HIV-infected individuals on chronic use of HAART are more likely to develop adipose tissue and metabolic disorders such as lipodystrophy and metabolic syndrome. SIRT1 may influence the outcome of these changes due to its role in regulating transcription factors involved in energy regulation. Tagliari et al., genotyped four polymorphisms located in SIRT1 in 832 HIV-infected patients receiving this kind of therapy by real-time polymerase chain reaction. The authors concluded that none of the investigated genetic variants are predictive factors for the development of lipodystrophy and metabolic syndrome in HIV-infected individuals in Brazil [85].

Cross-sectional study carried out in our service with 60 people living with human immunodeficiency virus, both sexes between the ages of 18 and 55 years (median: 34 yr) prior to the start of ART drugs demonstrated changes in 25-OH vitamin D levels.

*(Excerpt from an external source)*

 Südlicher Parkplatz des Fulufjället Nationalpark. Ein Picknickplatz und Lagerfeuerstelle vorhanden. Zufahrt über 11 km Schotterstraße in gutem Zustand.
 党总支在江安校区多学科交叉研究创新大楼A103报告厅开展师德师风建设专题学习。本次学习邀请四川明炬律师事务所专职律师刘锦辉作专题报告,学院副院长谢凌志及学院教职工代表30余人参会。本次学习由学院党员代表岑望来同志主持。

The authors observed changes in 36 (60%) patients, of which 14 (23.3%) showed deficiency and 22 (36.7%) showed insufficiency. Concerning the BMD, there were prevalence of spinal BMD (L1-L4), femoral neck BMD, and total femur BMD deficiencies as well as the bone markers evaluated in the study population. The prevalence of low spinal BMD (L1-L4) and total femur BMD were 16.7% and 7.1%, respectively (Tables 1 and 2) [86].

Brown et al., studied 33 HIV-infected individuals who were not using ART and found a lower prevalence of low BMD than that found in our study [87]. One possible explanation for the difference between these findings may be that viral proteins are able to directly stimulate osteoclastic activity and inhibit osteoblastic activity. In addition, HIV-positive patients show elevated levels of inflammatory cytokines such as interleukin-6 and tumor necrosis factor-α, which are capable of promoting osteoclast formation, and thus, contribute to bone reabsorption [22].

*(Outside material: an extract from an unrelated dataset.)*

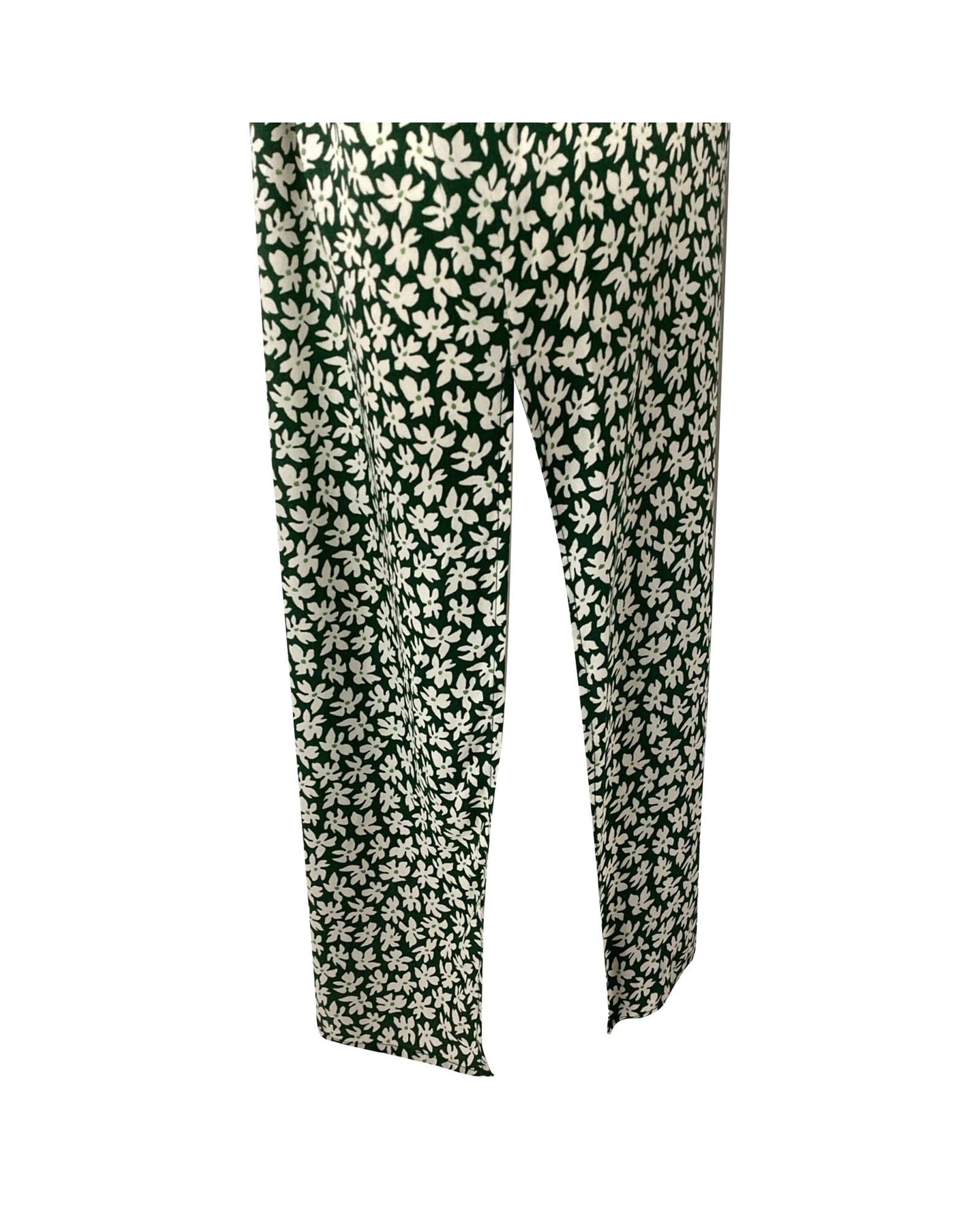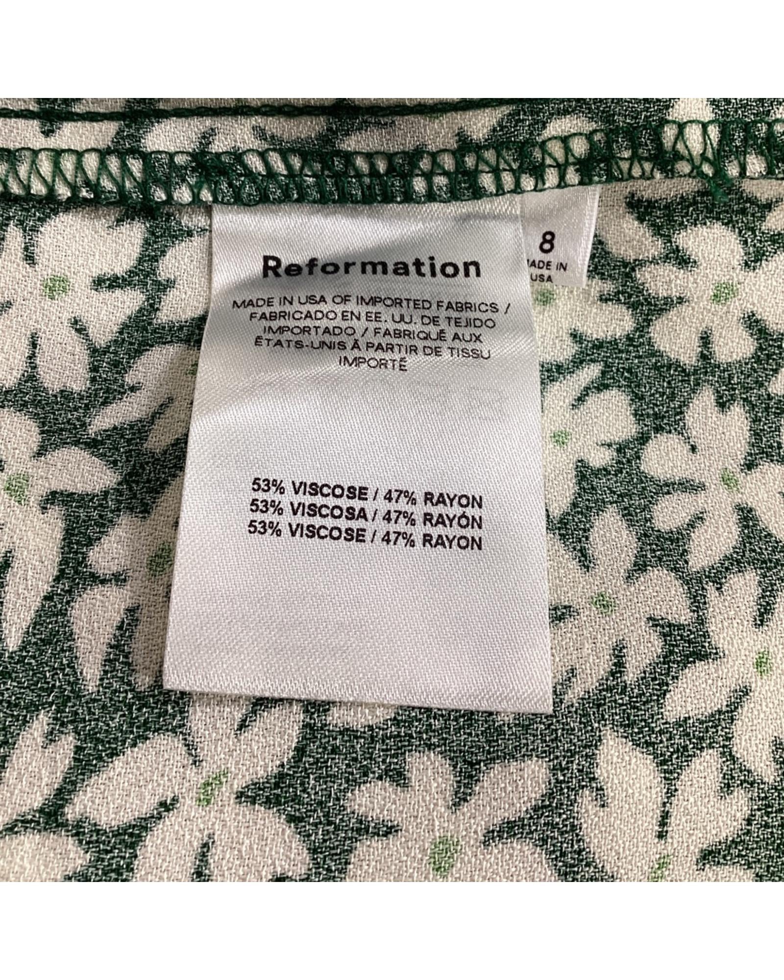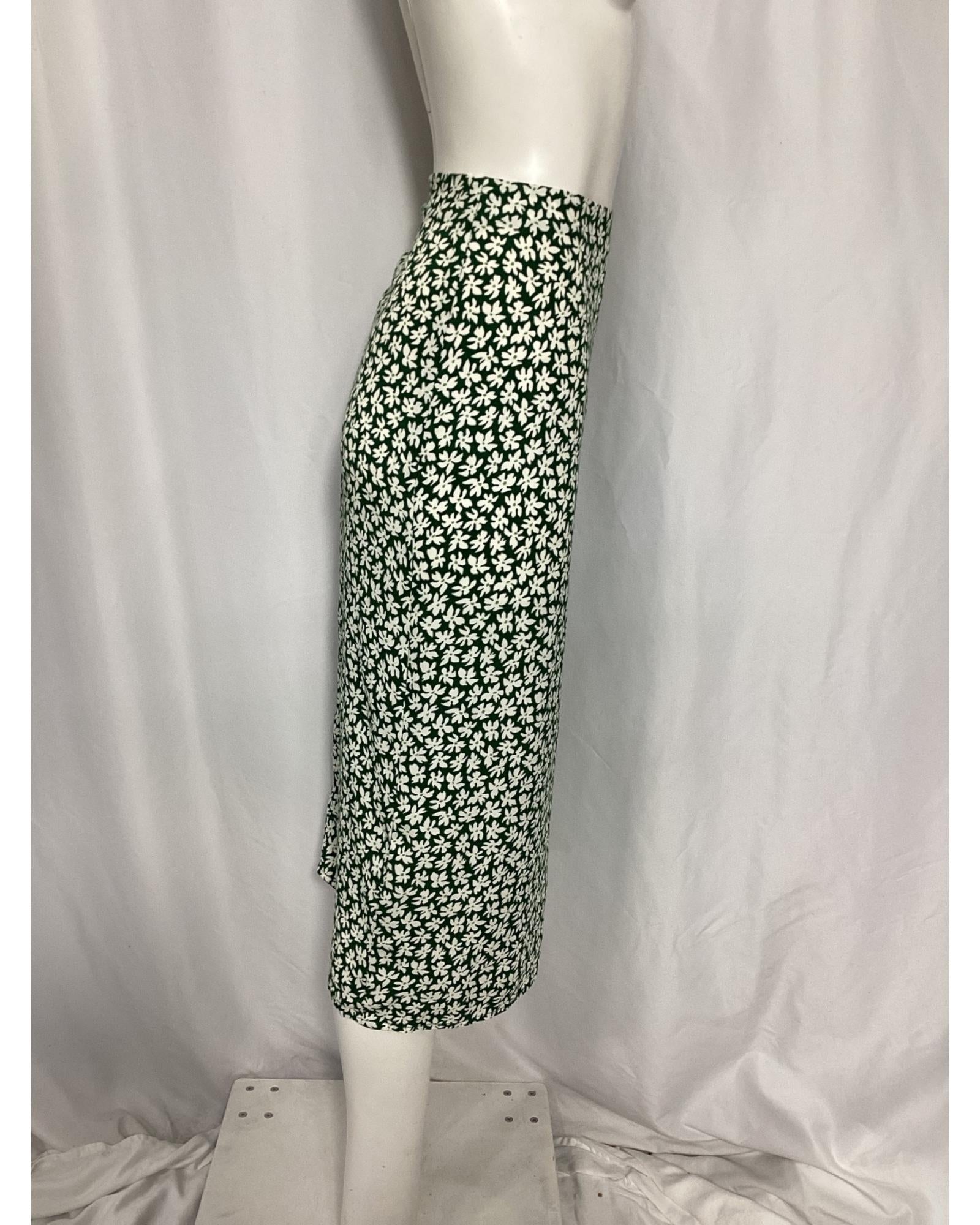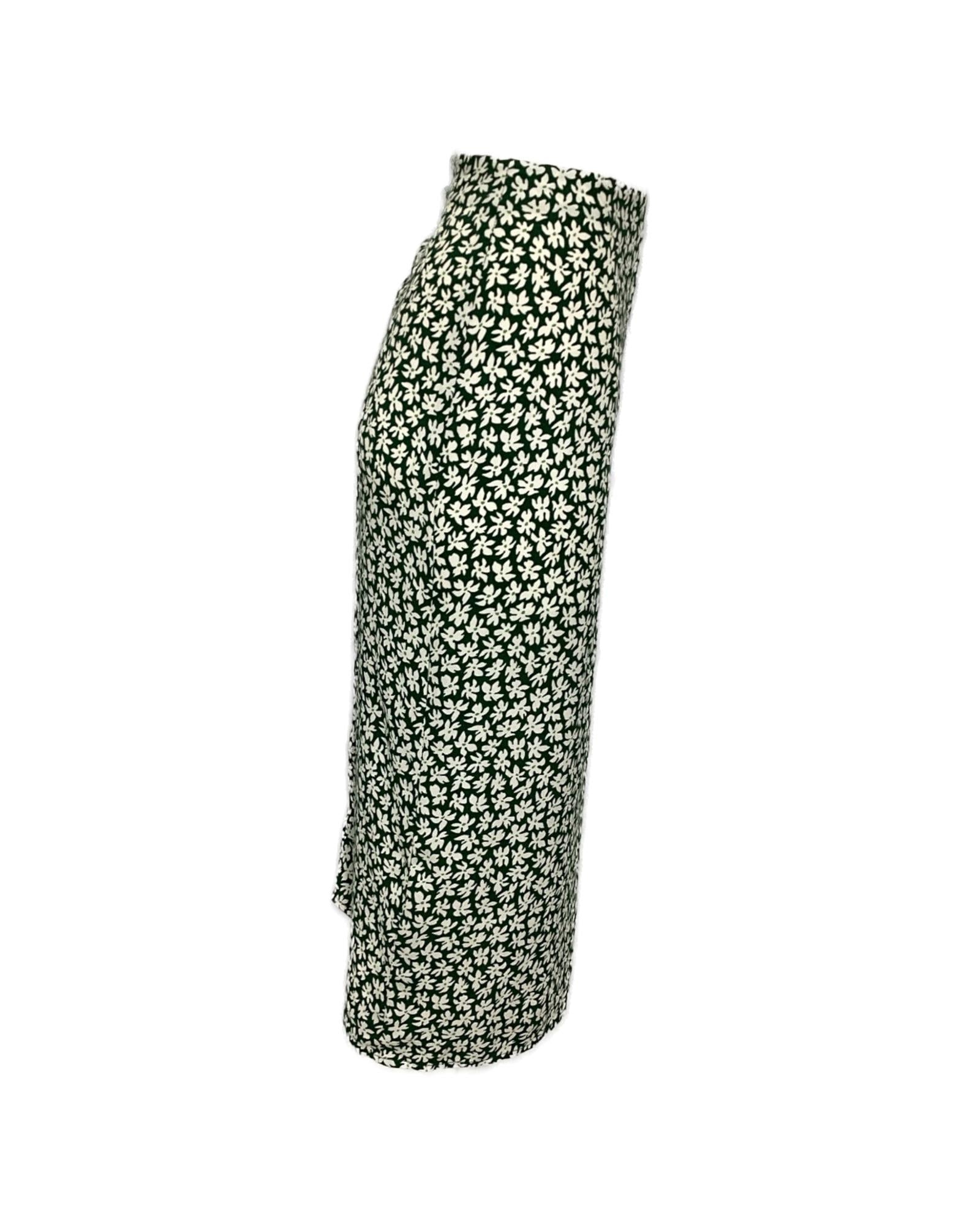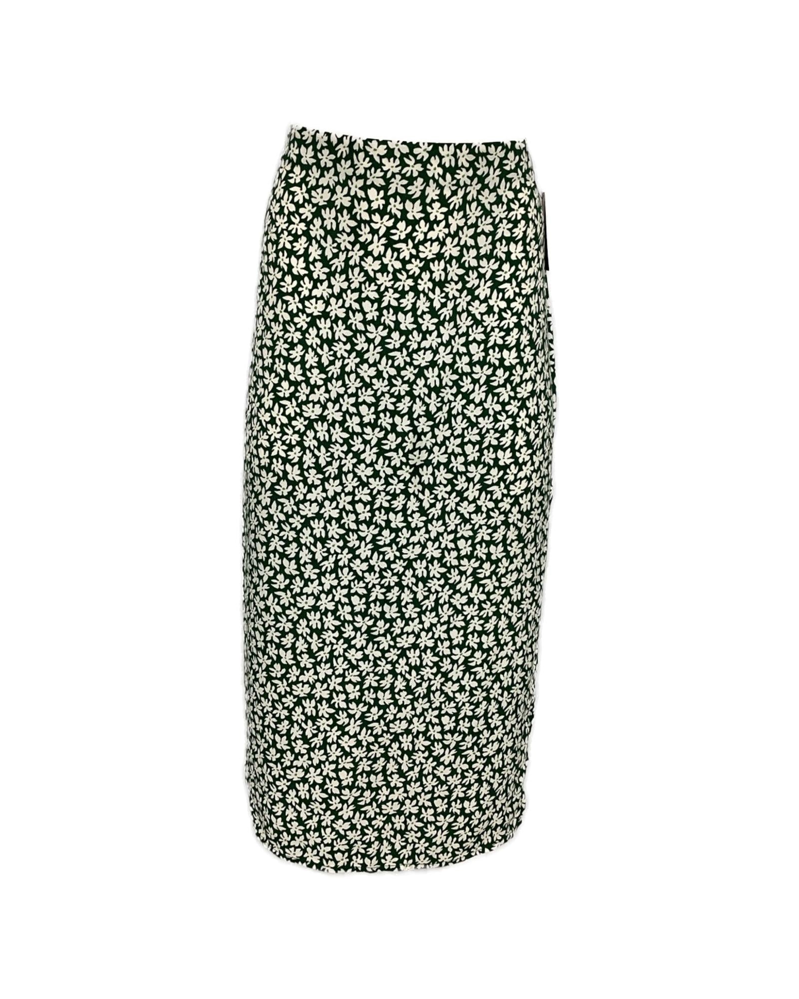 - Reformation Floral Printed Slit Midi Skirt in green viscose

Hileman et al., demonstrated decreased BMD in 33.3% of their patients with a median age of 40yr (25-50yr), which is higher than the median age in our study [50]. The authors also did not find an association between vitamin D status and alterations in the BMD, although their study population had a high prevalence of vitamin D deficiency. The data evaluated in our study emphasized that it is a population with a recent diagnosis of HIV infection and the evaluated patients were not receiving ART [86].

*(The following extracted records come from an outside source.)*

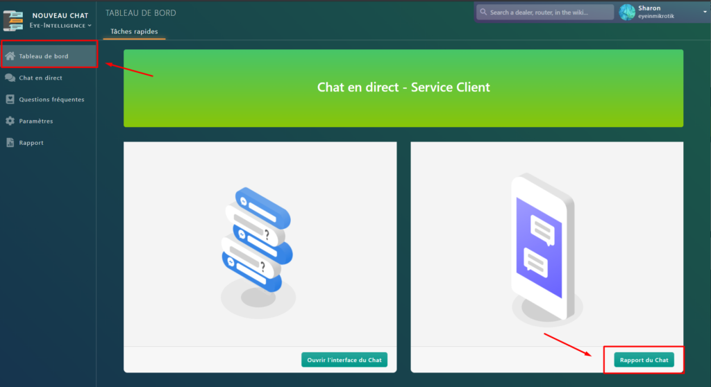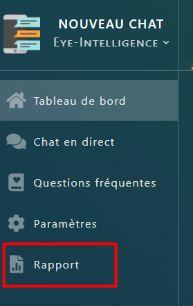Vous pouvez accéder aux rapports via le tableau de bord en cliquant sur « Tableau de bord » dans les options du menu puis sur « Rapport de discussion », ou en sélectionnant « Rapport » dans les options du menu.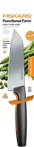 Для тих, хто цінує продумані, але водночас прості у догляді кухонні інструменти, малий кухарський ніж Fiskars Functional Form стане універсальним, повсякденним помічником. Лезо з міцної японської неіржавкої сталі чудово підходить для більшості завдань на кухні. Ергономічна ручка ножа має нековзне покриття SoftGrip, а упор для пальців забезпечить безпеку під час роботи. Як і всі ножі Functional Form, цей ніж можна мити в посудомийній машині, а його тонкий профіль спрощує зберігання. Розроблено у Фінляндії.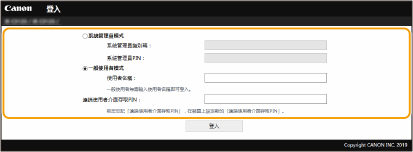 可以執行所有遠端使用者介面操作和設定。在 [系統管理員識別碼] 中輸入正確的識別碼,並在 [系統管理員PIN] 中輸入 PIN。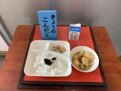 関東煮、れんこんの梅風味焼き、のりのつくだ煮、ごはん、牛乳 です。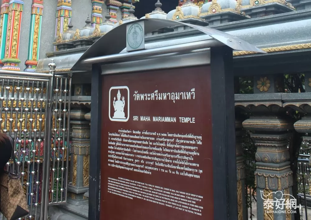 馬里安曼神廟(Sri Maha Mariamman Temple),是曼谷的第一個、也是最重要的印度神廟,泰文稱之為วัดแขก(Wat Khaek),由曼谷的泰米爾移民在1867 年創立,原本只是一座簡單的涼亭基台,爾後逐年收購土地增建至現今的規模。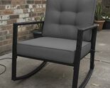 Outdoor Grey Wicker Rocking Chair with Cushions - Heavy Duty Steel Frame, Rus...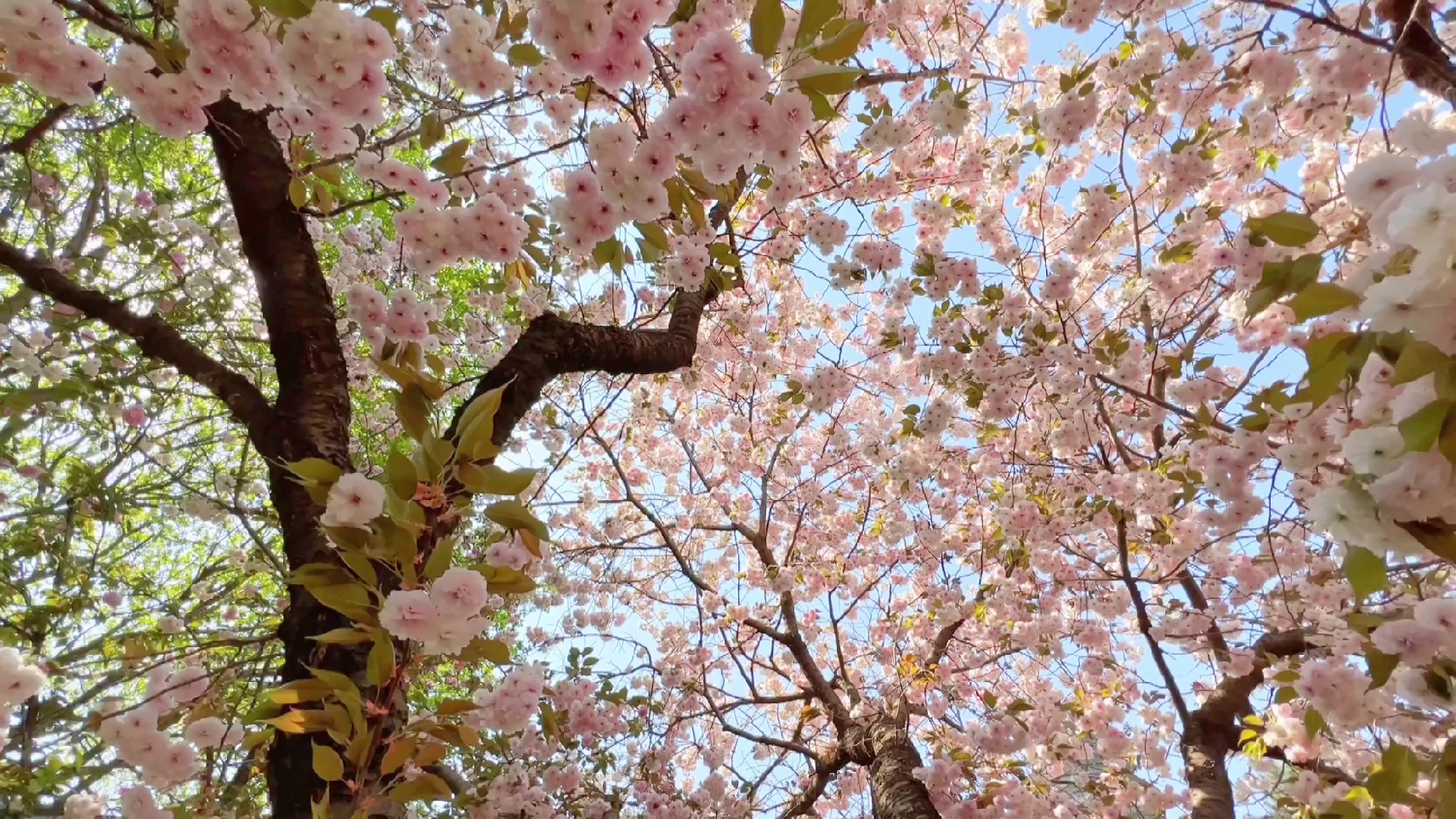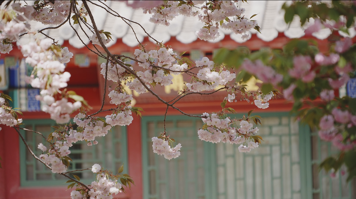 抬头一看,透过粉嫩的樱花看向身后的古风建筑,仿佛给这些建筑添加了一层粉嫩的滤镜,特别有春天的感觉。

In clinical practice, it is necessary to consider the serum vitamin D levels and make the decision to use supplements. The description of biomarker profile is necessary for establishing the prognosis of these patients with low bone mass.  Our results revealed that, although young and unexposed to ART, the study population presented with compromised bone health, low BMD, and low levels of 25OH vitamin D.

Table 1: Bone metabolism’ markers and BMD in adults with HIV not yet exposed to ARV (n=60)

HIV: human immunodeficiency virus; ART: antiretroviral Therapy; SD: standard deviation; BMD: bone mineral density; DXA: dual-energy X-ray absorptiometry; PTH: parathyroid hormone. Cut off points: <29ng>

Table 2: Univariate analysis of 25OH vitamin D and BMD in adults with HIV not yet exposed to ARV  (n=60)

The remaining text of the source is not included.